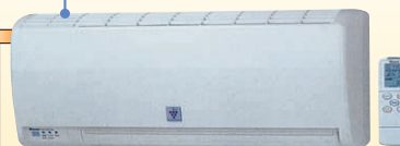
リンナイRH-61W(A)+RBH-W414KP 定価 205,524円
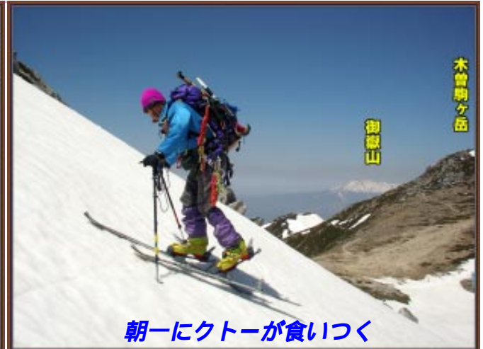
朝一にクトーが食いつく

ンティニアスで登攀していて二人共滑落死しているから厳しくなつたと言っていた。だから全てを「スカタット登攀してくれ」と言っている、こんな60度くらいの雪壁にスタカットしてはもたつくばかりなのに・・・とブツブツ言っていると先行パーティがモタモタとしてなかなか降りて来ない。心中では「何してんねん？、早よ降りんかい！」と思っけていても「すみません、ハアハアゼエゼエ」の声を聞くと、「大丈夫かいな」と思っけてしまう。30分ほど待ってやっと我々の番がきたので半年ぶりのClimbingを思いだしてさっさと登攀したが、監視員はずっと双眼鏡で見ている。下りはスタカットピレーもじゃまくさいので持参のスリングとD環を2ピッチ残置して8環ですたこらさっさと降りてきた。White Bird はこんなことは山では日常茶飯事なので登攀道具は筆数項目で全くもって問題しないのだが、他人から強制されるのは遺憾である。
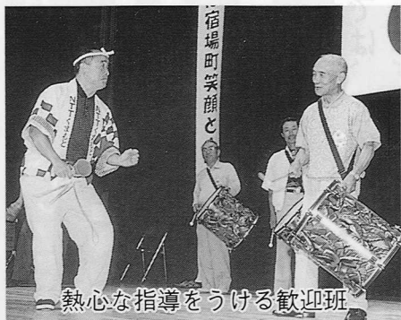
熱心な指導を受ける歓迎班

くまもと未来国体百五十日前を記念して、五月二十六日、町文化ホールで「民泊協力会歓迎班大集合」が開催されました。
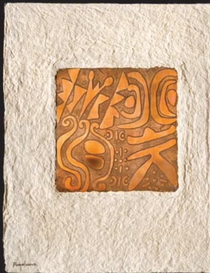
Tenemos derecho a la paz
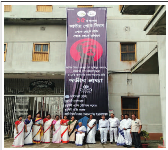
Paying respects by the residents of Kumudini Complex, Mirzapur, Tangail.
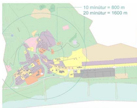
Mynd 16. 10 og 20 mínútna gönguradius út frá núverandi miðju Víkur í Myrdal.

Aðalskipulagsbreytingin er í samræmi við þessi markmið og áherslur landsskipulagsstefnu 2024-2038. Verið er að þetta byggð og bæta við nýjum svæðum fyrir fjölbreyttar lóðir fyrir fjölbreyttar íbúðargerðir, byggð sem tekur mið af þeirri byggð og því byggðarmynstri sem fyrir er í Vík. Skipulagssvæðið er innan 20 mínútna gönguradiusar frá núverandi og framtíðar miðju Víkur og þar er að finna blöndu íbúða, verslunar og þjónustu og samfélagsþjónustu, sem stuðlar að gönguvænni byggð sem dregur úr ferðaþörf. Skipulagið stuðlar að uppbyggingu fjölbreyttra íbúða og þjónustu fyrir fjölbreyttan hóp, m.a. eldri borgara, og styrkir þannig búsetufrelsi.
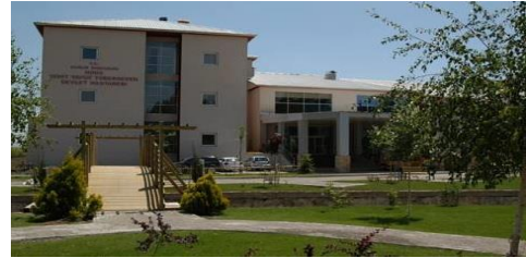
29. OZE İNŞAAT (2009-2010) ERZURUM HINIS DEVLET HASTANESİ
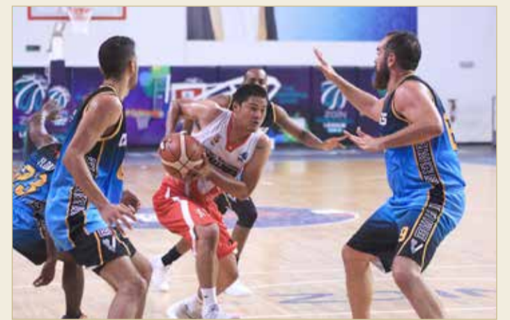
جانب من المباريات
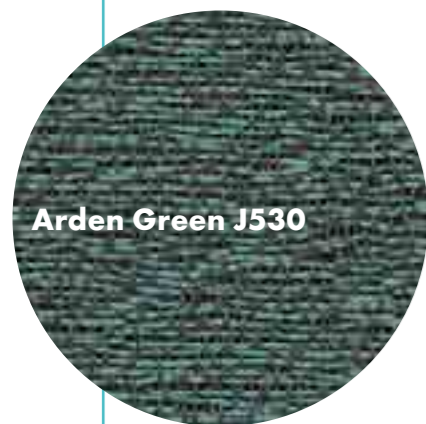
Arden Green J530
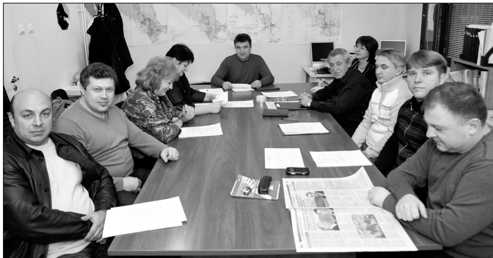
Заседание нового состава Совета депутатов

На общих собраниях собственников ставился вопрос о смене управляющей компании, но боль-
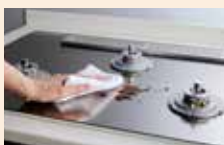
親水アクアコート
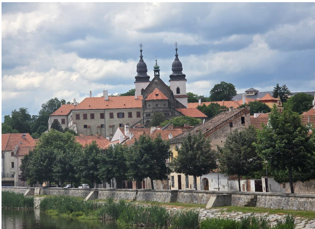
Bazylika św. Prokopa w Trzebiczu
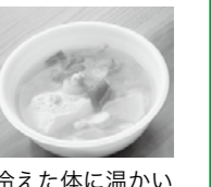
冷えた体に温かい豚汁をどうぞ。

_ _ _ _ _

Required action.
Without any pictures, reproduce exactly the lines from the line that contains "Arden Green J530" to the end of the entries above, both ends included.

Written reply.
Arden Green J530
Заседание нового состава Совета депутатов

На общих собраниях собственников ставился вопрос о смене управляющей компании, но боль-
親水アクアコート
Bazylika św. Prokopa w Trzebiczu
冷えた体に温かい豚汁をどうぞ。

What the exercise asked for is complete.